La mala dinámica con la que había entrado el DS Blendio al partido la cortó Villamarín, que entró al partido a lo grande deteniendo una pena máxima. Acabó el primer tiempo con cinco intervenciones y el partido con once. Fue clave. Reñones le mantuvo en todo momento sobre la pista dando entrada a Salvarrey sólo para probar fortuna con un penalti. Fue el ayer portero del equipo santanderino quien ayudó a impulsar el trabajo defensivo de los suyos, que rayó a un gran nivel en los primeros treinta minutos. De hecho, hasta el descanso se mantuvo la contienda en guarismos cortos y ahí se mueven bien los hombres de negro. 

Preocupó la segunda exclusión de Diego Muñiz cuando aún faltaban 34 minutos para el final. Quizá eso tuvo algo que ver para que el partido pasara a ser, con el paso de los minutos, un intercambio de metralla que obligó a ambos equipos a jugar a la ruleta rusa. Y no murió nadie. Hubo premios y regalos para todos, así que todos contentos. Los aficionados y los jugadores locales se fueron con una sonrisa por ese punto conquistado en los últimos instantes y olvidando que habían entrado a los cinco últimos minutos ganando por dos (24-22). Sin embargo, a partir de ahí se atascó.
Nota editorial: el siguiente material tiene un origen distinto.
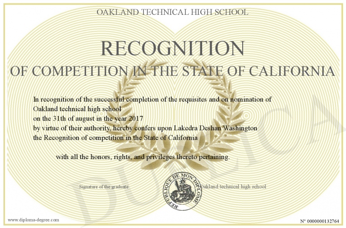 Certificate-degree can have your Recognition of competition in the State of California

Anaitasuna, en busca del último asidero al que aferrarse, cambió de portero y la apuesta fue buena porque pasó a ponerse por delante 25-26.

Con el de ayer, son ya trece los puntos que tiene el DS Blendio a falta todavía de dos partidos para terminar la primera vuelta. Son los mismos con los que llegó al ecuador en su debut en la máxima categoría pero quiere más porque siempre quiere más. Le quedan Ademar y Granollers, que suenan a mucho pero este año no hay partidos imposibles. Menos aún, cuando el fortín se mantiene en pie.